Poppy’s shouting already sounded very near, but Jane didn’t hurry. She rested her head against the dewar, thinking to herself, Jim would know what to say . All she could think of was “Oh, Jim, what did you do?” That came out in a not-very-elegant croak, and then she had nothing else to say, like any other time in their marriage when it was her turn to chase, and his to withdraw like a pouting child, after a fight. And really that’s all this was, she told herself. If she could just calm down for a moment and establish the right perspective, then she would see that this was just another awful fight, and it had fallen to her, as it did sometimes, to take the risk of reconciling them.
She brought out the Kiss, asking herself if blowing it all over his dewar, a total discharge of her rage in one furious, shrieking breath, would be exactly the first step of that reconciliation. She opened the envelope and took a great preparatory inhalation.
She held the breath, and held it, even while her eyes filled with tears, the dewars shimmering in front of her. She carefully resealed the envelope and put it back in her pocket, and only then did she exhale, the breath long and quiet, with her head resting on Jim’s dewar, and with the very last of it she whispered, “Always together.” When Poppy found her at last, she was slumped quietly against the cool metal surface.
“Holy Future!” Poppy shrieked. “What are you doing !” She pulled Jane back roughly by her arm, then fluttered around the dewar, checking lights and gauges.
“I don’t know what came over me,” Jane said.
“Something horrible ,” Poppy said. “That’s for sure. I’m taking you to see Brian right now .”
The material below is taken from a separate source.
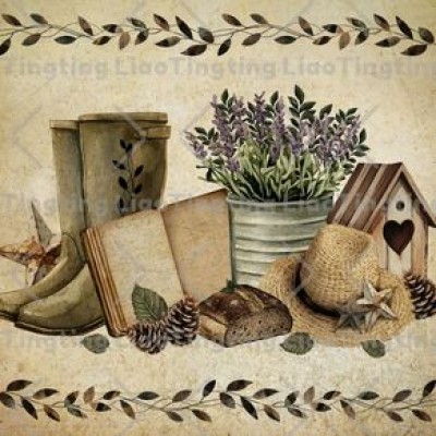 Farmhouses,Countryside,Boots,Grass Caps,Flower Pots,Pine Fruit,Leaves,Vintage,Parchment Background

“Yes,” Jane said. “I’m ready to see him now.” Poppy marched her back to the door, where Sally and Bill were standing nervously. Jane wanted to bleat at them, but suddenly felt too tired for it. It was a tense, silent ride back up to the ground floor. Poppy put Jane in the front seat, where she could keep an eye on her . Sally leaned forward, at one point, to whisper that if Jane had fucked this up for them all she was going to make her very sorry, but Jane was too tired, or just not angry enough anymore, to turn around and tell her to fuck off.